The sum of the first $14$ terms of an arithmetic sequence is $2014$. If the sum of the first $28$ terms of the same sequence is $2014$, what is the sum of the first $42$ terms of the sequence?
I thought the sum would be the same ($2014$) since it didn't change from the $14$ term sum to the $28$ term sum.
On
Hint: If you group terms of an arithmetic sequence $k$ at a time (in non-overlapping groups), and you form a sequence of the sum of those groupings of $k$ terms, that new sequence will be arithmetic.
On
Hint: since the sum of terms $15$ to $28$ is zero, so is their average, which is the value of term $"21\frac 12"=\cfrac {15+28}2$. Let the difference between successive terms be $2d$ - you should be able to write down terms $21$ and $22$ and work from there. Having found that zero value, exploit the symmetry.
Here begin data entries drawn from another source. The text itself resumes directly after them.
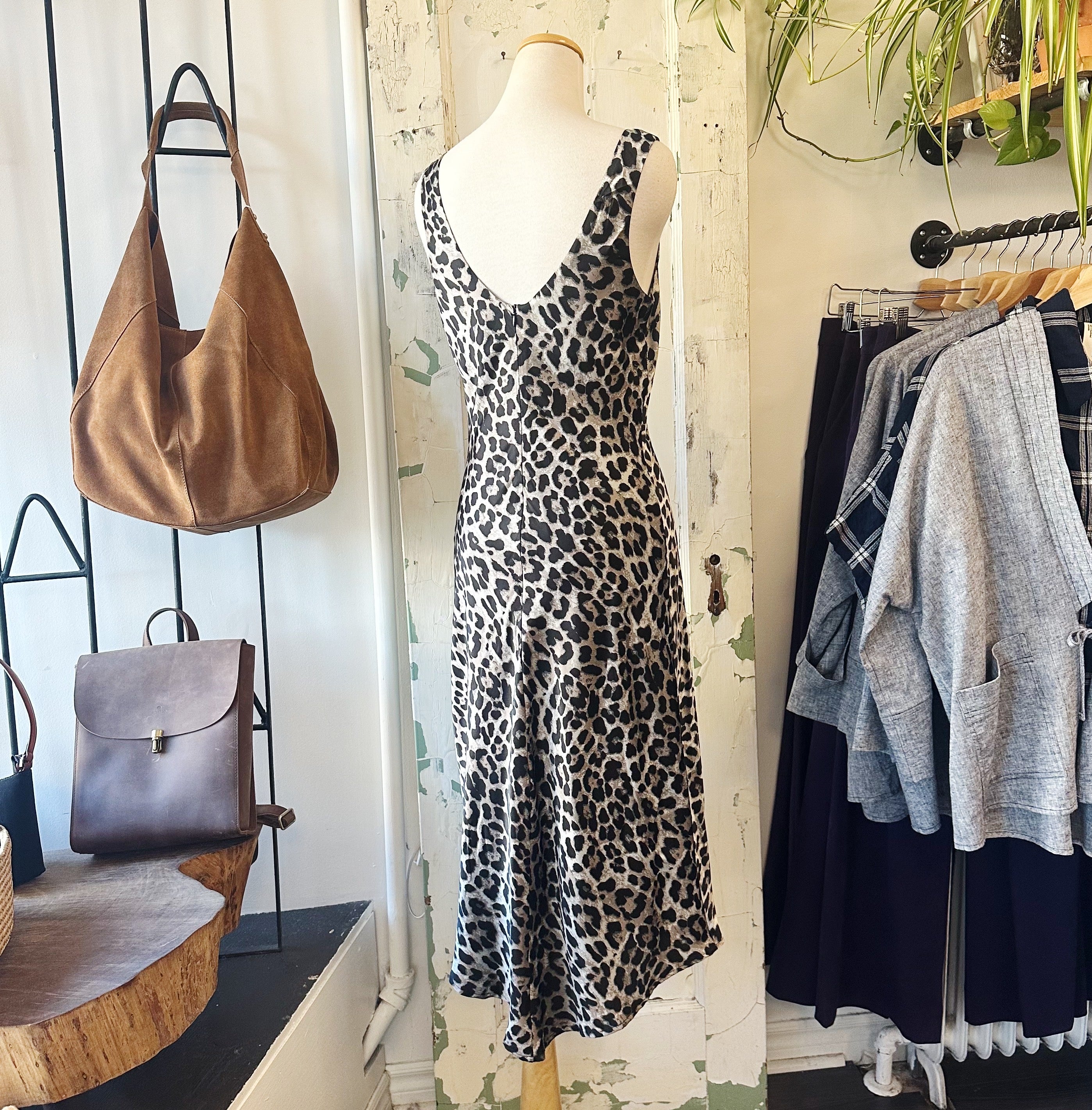 This style is available at our 744 Queen West location.    The Jazlyn Dress is a leopard print satin dress that drapes effortlessly on the body for a sleek, flattering silhouette. Designed with a cowl neckline and asymmetrical hem,...
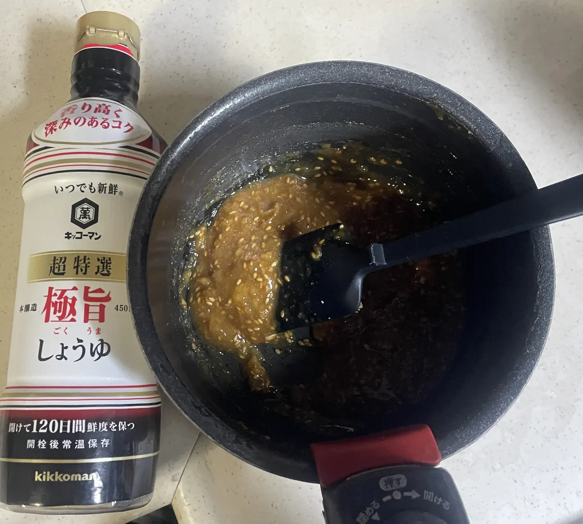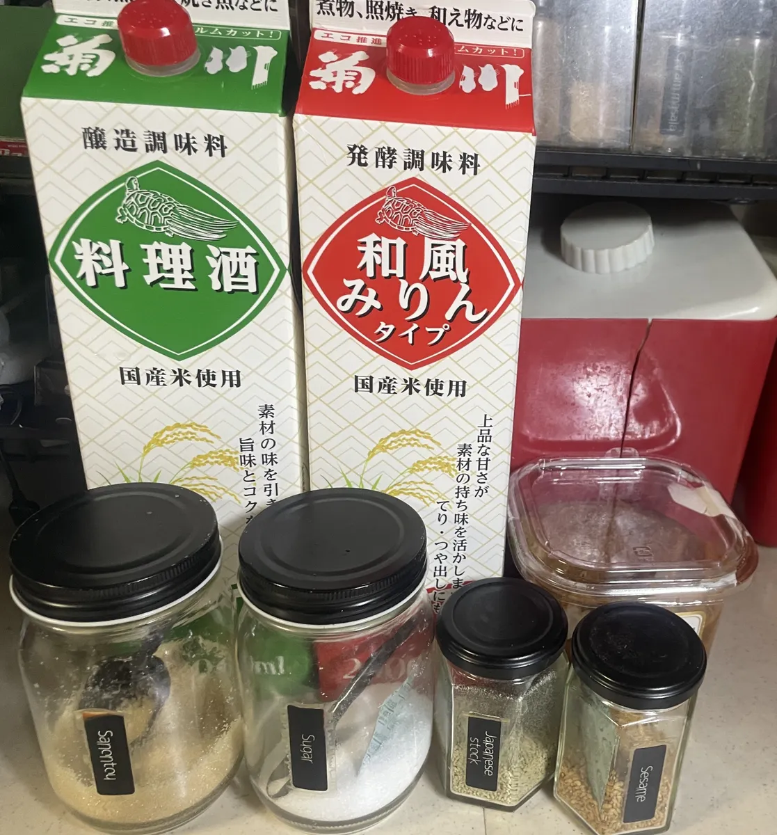 ①酒・味醂・味噌・三温糖・味の素・和風顆粒出汁(昆布)・金胡麻✨
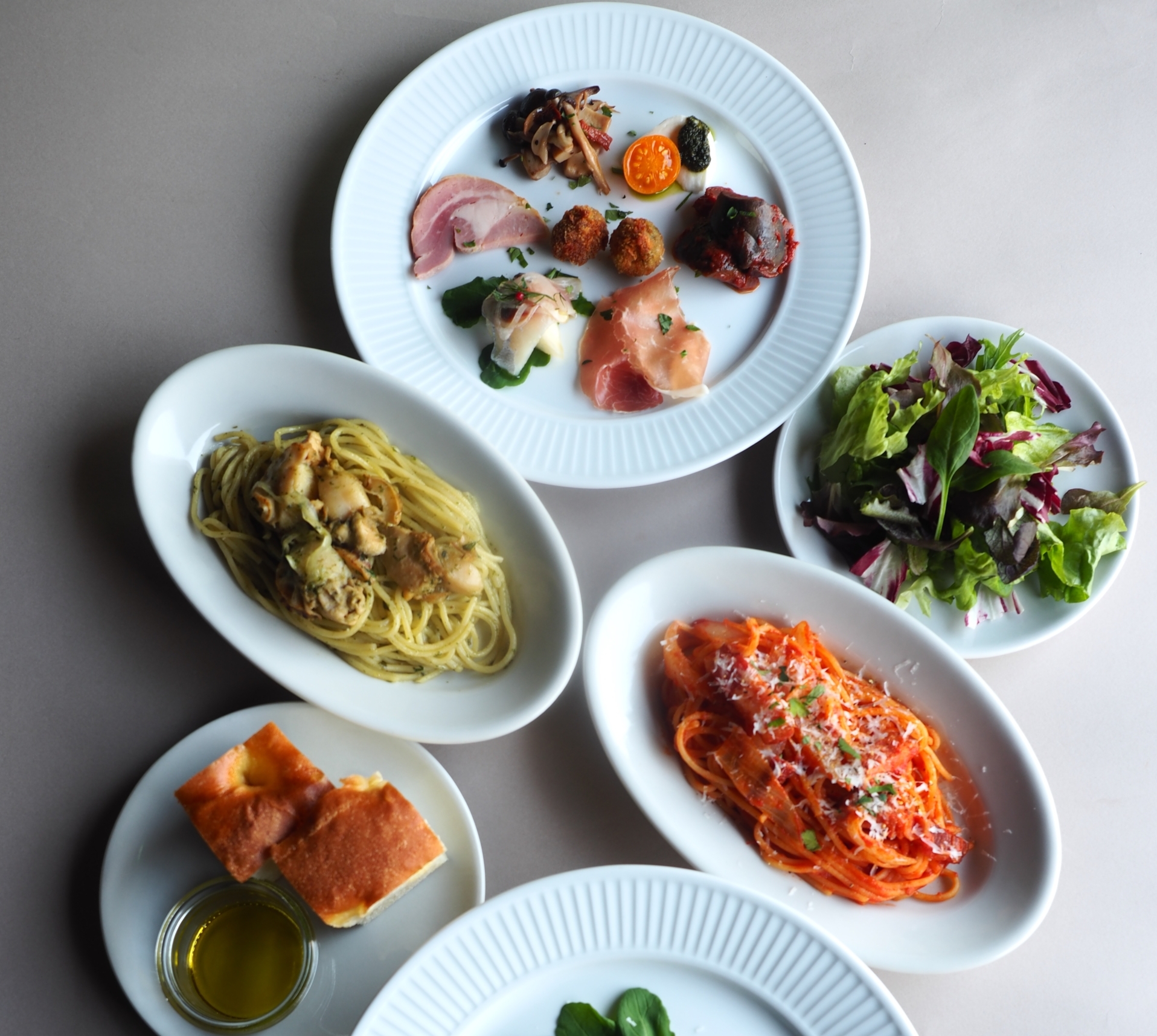 ※前菜、サラダとパスタは大皿でのご提供になります。
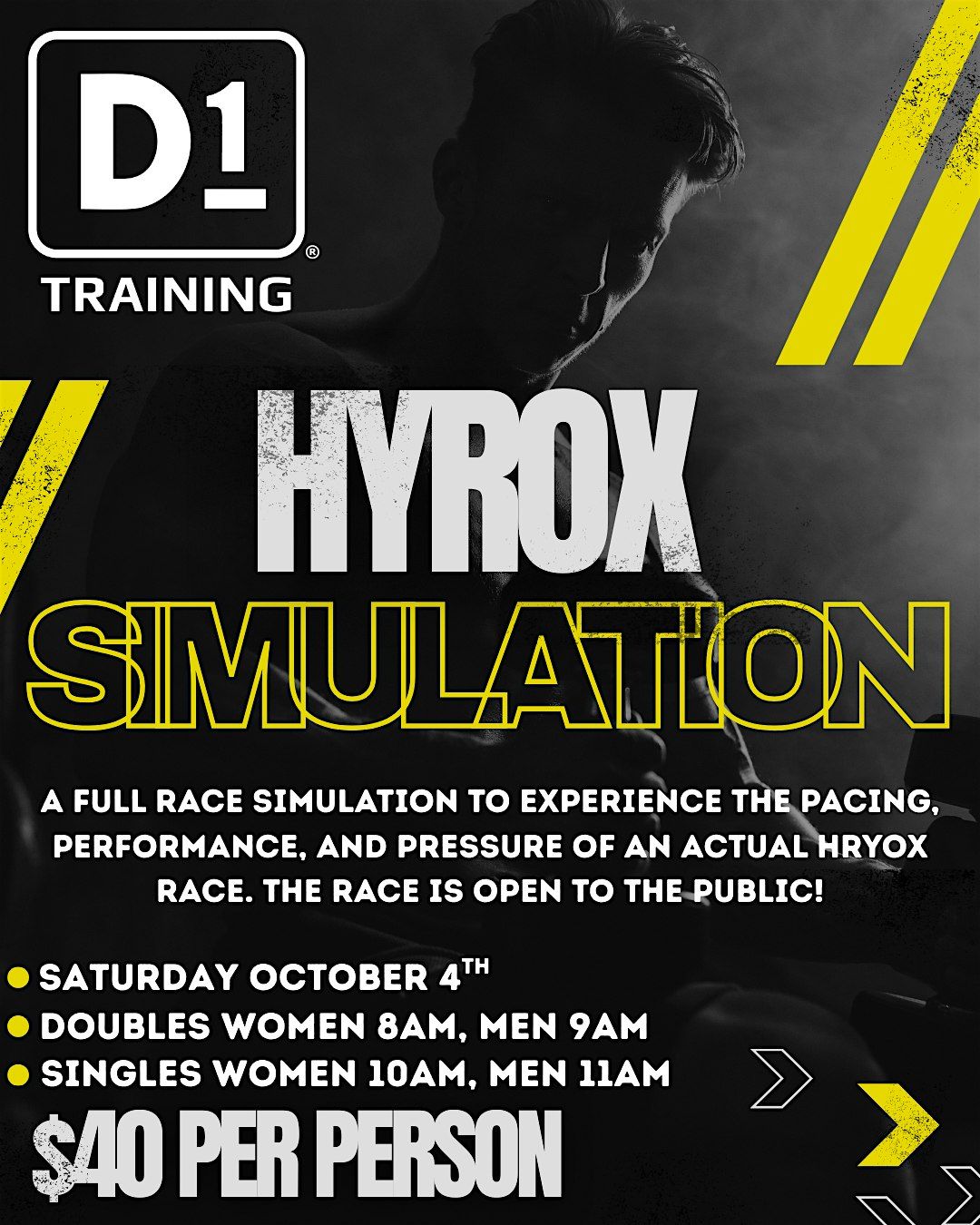 This is a full HYROX simulation race that is open to the public! Whether you've signed up for a race, or you're just interested in competing in the future, this race will allow you to experience the pacing and performance of a race in a controlled environment without spending the big bucks.

The sum of the first 14 terms is $2014$, the sum of the next 14 terms is $0$, and then the sum of the next 14 terms is $-2014$.
And the sum of $$2014 + 0 + (-2014) = 0$$
This is because the sequence of $$\begin{array}{ccccc} (a+0d)& +&(a+1d)& + \cdots +& (a+13d),\\ (a+14d)& +&(a+15d)& + \cdots +& (a+27d),\\ (a+28d)& +&(a+29d)& + \cdots +& (a+41d),\\ &&\vdots \end{array}$$ are in AP with term difference $14^2 d$.